_Your objective_
After locating the line with "This bingo card" in the entries below, output it and each following line up to and including the line with "Discover the elegance", exactly and without pictures.

_Records shown_
◇ ◇ ◇

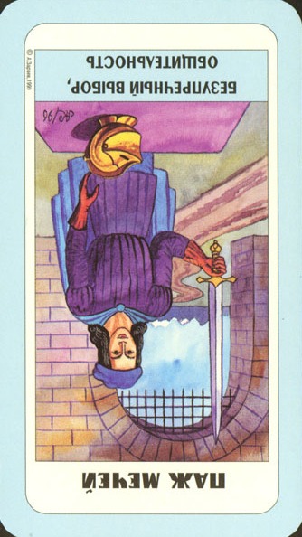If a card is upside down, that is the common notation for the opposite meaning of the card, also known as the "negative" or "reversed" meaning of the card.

◇ ◇ ◇

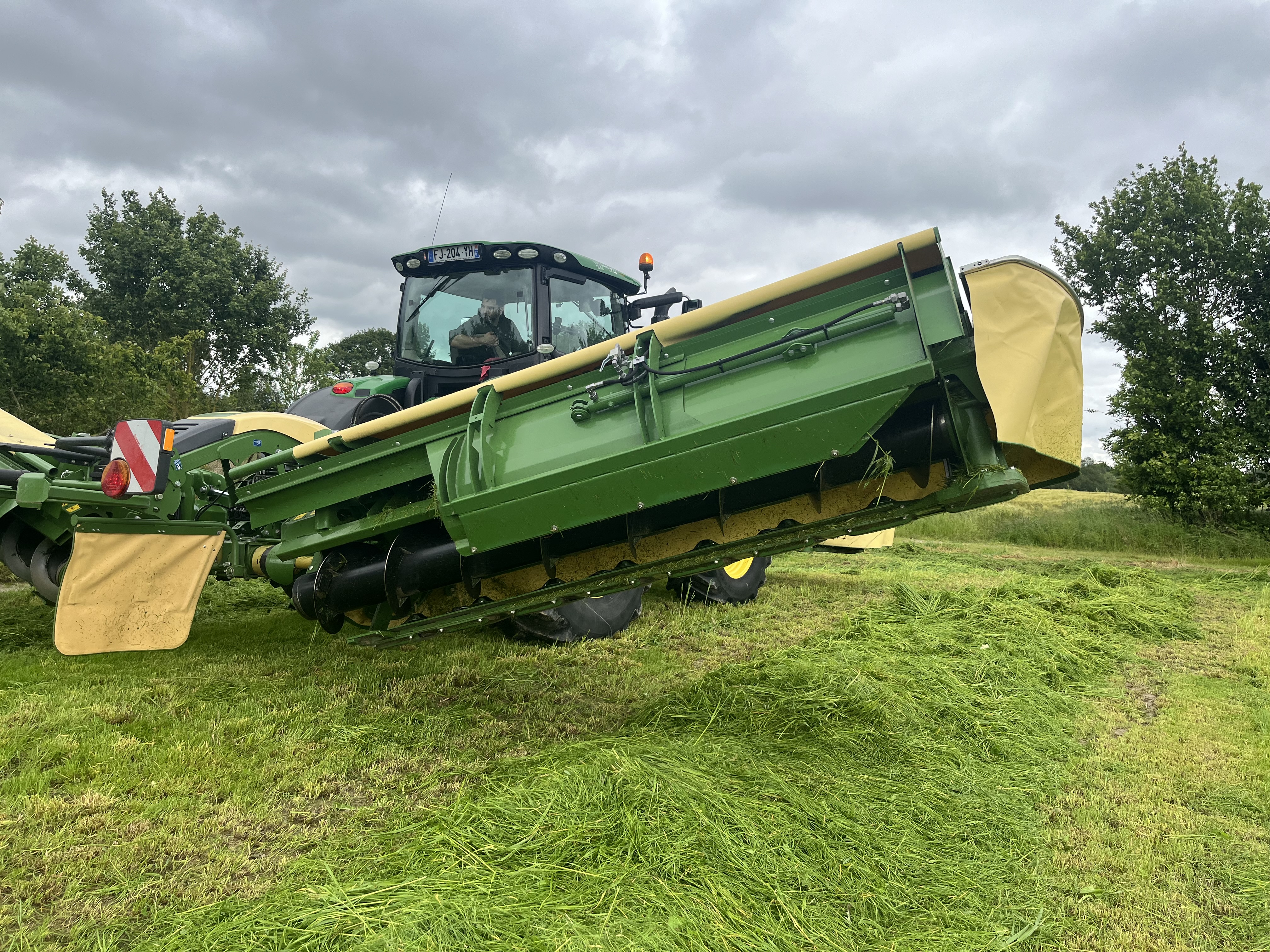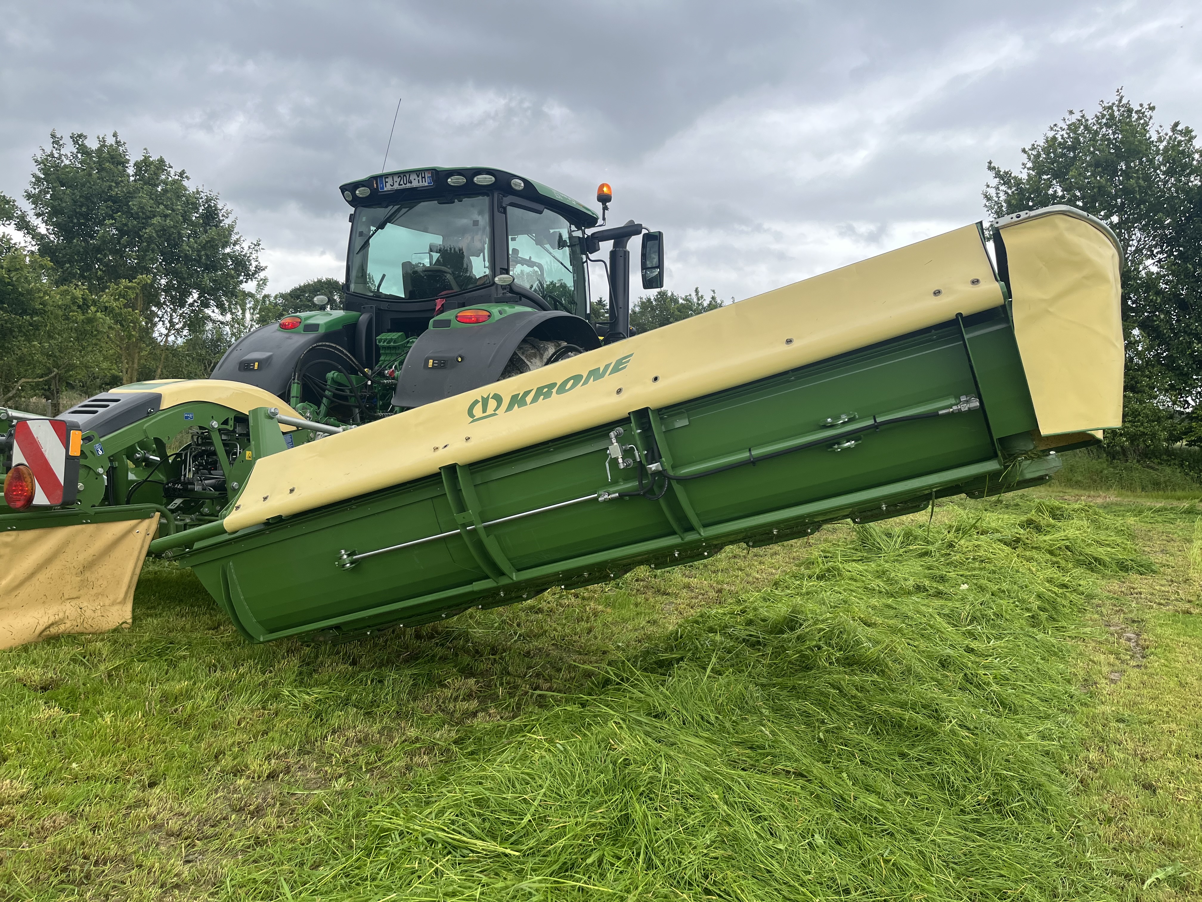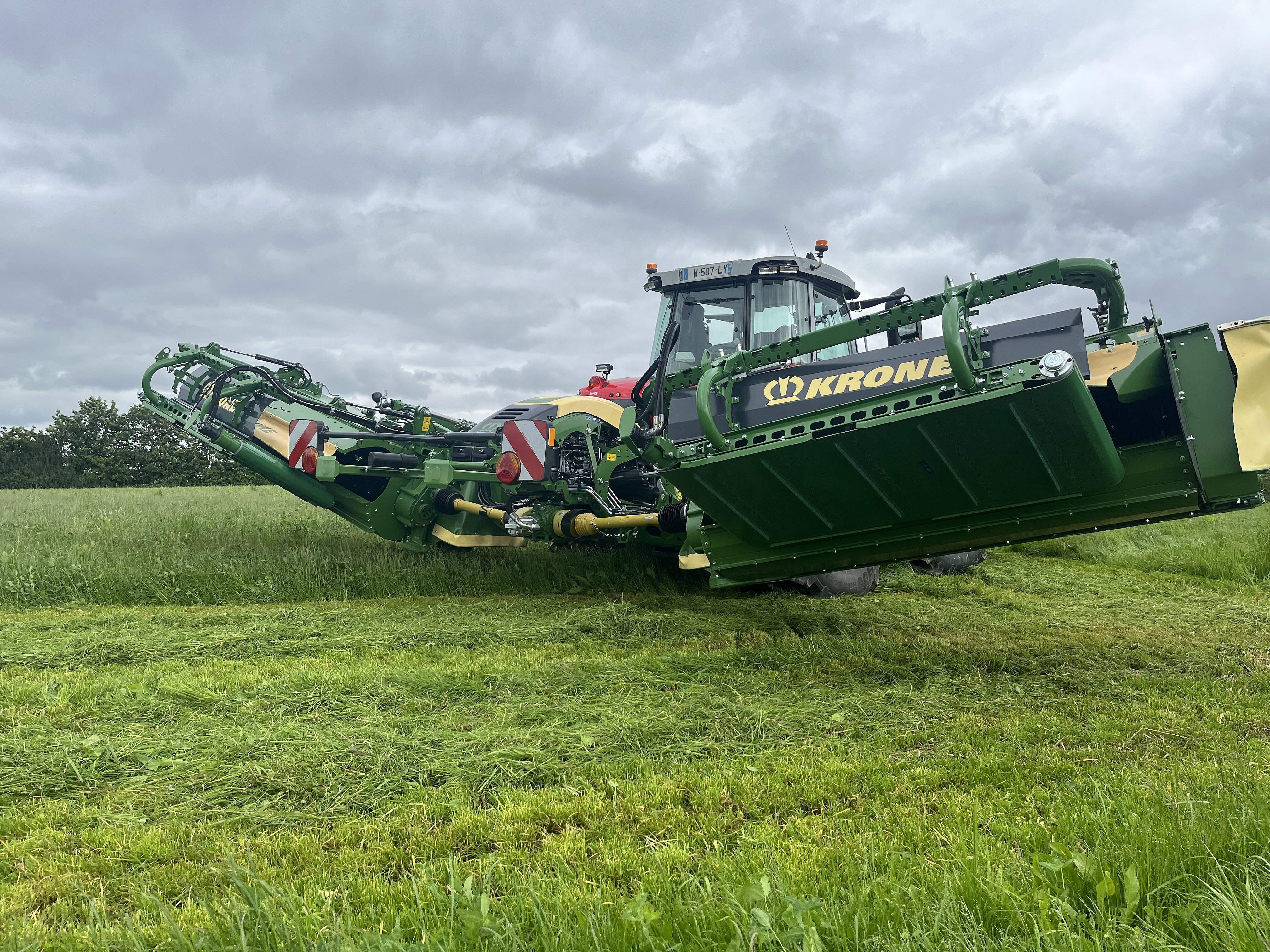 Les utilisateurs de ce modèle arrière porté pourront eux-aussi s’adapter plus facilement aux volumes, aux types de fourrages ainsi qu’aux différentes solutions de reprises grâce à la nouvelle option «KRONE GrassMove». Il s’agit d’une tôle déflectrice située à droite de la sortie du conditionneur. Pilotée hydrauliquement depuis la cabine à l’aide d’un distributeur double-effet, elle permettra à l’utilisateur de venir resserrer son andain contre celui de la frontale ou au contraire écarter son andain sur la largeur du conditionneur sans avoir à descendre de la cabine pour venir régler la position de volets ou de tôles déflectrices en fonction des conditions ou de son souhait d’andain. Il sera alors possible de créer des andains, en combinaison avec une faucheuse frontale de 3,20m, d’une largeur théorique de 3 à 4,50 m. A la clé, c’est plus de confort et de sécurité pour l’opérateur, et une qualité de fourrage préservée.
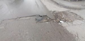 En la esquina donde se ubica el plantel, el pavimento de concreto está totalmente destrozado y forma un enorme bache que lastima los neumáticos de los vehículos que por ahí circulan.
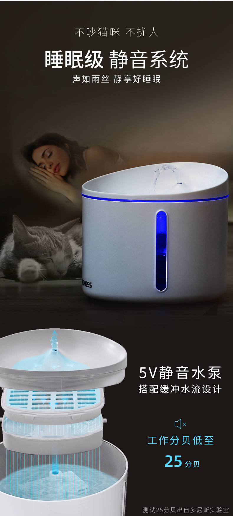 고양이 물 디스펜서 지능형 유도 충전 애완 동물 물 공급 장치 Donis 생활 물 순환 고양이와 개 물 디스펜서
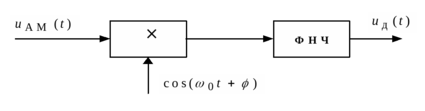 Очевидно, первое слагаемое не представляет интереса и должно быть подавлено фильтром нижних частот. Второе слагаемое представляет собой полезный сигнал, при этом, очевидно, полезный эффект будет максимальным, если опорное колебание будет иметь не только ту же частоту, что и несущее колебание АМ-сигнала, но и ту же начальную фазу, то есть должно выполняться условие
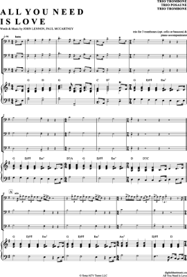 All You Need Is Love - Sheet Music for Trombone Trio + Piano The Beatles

◇ ◇ ◇

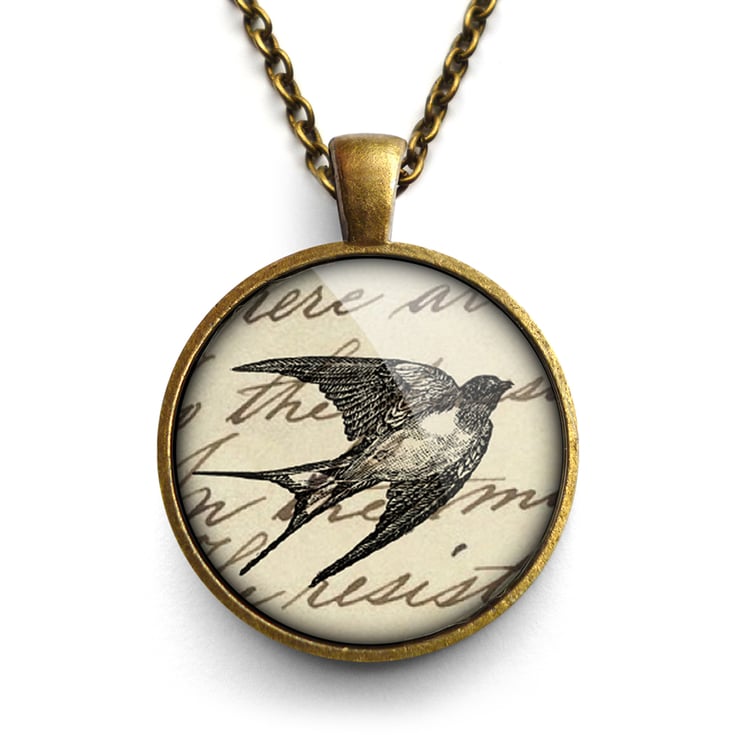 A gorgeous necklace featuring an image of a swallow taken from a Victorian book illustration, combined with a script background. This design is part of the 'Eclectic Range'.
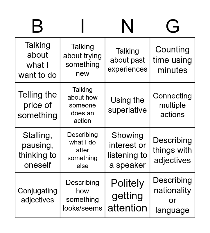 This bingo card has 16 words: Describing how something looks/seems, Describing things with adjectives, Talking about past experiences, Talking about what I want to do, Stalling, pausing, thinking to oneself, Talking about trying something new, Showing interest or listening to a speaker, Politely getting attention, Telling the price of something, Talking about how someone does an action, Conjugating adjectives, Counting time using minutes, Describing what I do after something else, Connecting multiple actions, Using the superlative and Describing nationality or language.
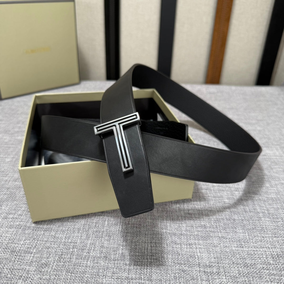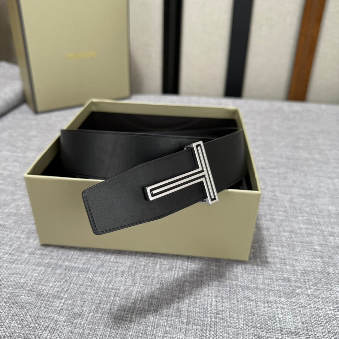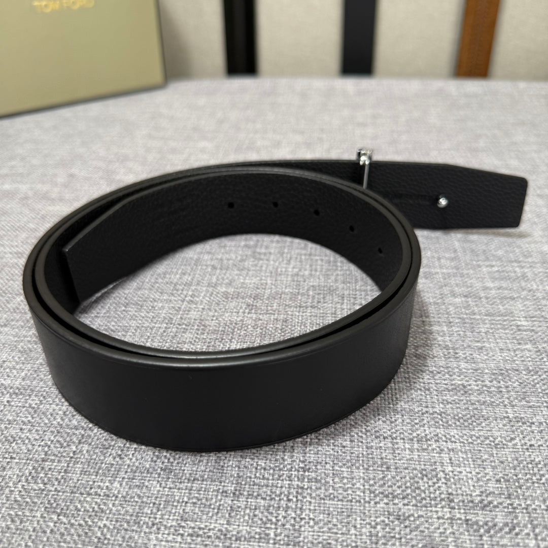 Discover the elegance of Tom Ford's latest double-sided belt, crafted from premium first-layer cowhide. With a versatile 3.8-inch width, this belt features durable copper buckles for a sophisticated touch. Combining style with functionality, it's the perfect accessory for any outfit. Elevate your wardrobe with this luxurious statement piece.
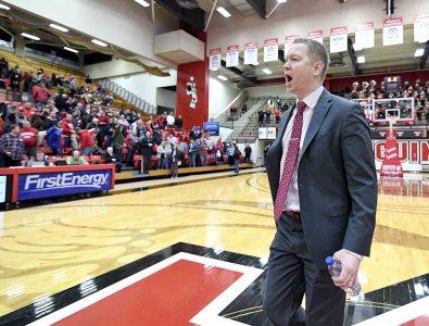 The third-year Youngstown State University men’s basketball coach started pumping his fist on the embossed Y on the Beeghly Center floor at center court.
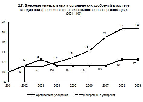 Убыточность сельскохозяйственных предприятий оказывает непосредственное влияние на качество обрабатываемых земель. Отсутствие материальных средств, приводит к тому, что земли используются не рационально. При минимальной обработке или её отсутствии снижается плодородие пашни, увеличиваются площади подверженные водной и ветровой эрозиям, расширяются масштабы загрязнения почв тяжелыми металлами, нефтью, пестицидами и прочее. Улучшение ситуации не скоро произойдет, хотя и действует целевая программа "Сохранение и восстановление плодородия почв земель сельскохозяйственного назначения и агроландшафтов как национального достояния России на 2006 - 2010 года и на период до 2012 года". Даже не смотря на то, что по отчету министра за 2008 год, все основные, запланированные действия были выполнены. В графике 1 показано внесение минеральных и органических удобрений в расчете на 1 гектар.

◇ ◇ ◇

_Exercise answer_
 This bingo card has 16 words: Describing how something looks/seems, Describing things with adjectives, Talking about past experiences, Talking about what I want to do, Stalling, pausing, thinking to oneself, Talking about trying something new, Showing interest or listening to a speaker, Politely getting attention, Telling the price of something, Talking about how someone does an action, Conjugating adjectives, Counting time using minutes, Describing what I do after something else, Connecting multiple actions, Using the superlative and Describing nationality or language.
 Discover the elegance of Tom Ford's latest double-sided belt, crafted from premium first-layer cowhide. With a versatile 3.8-inch width, this belt features durable copper buckles for a sophisticated touch. Combining style with functionality, it's the perfect accessory for any outfit. Elevate your wardrobe with this luxurious statement piece.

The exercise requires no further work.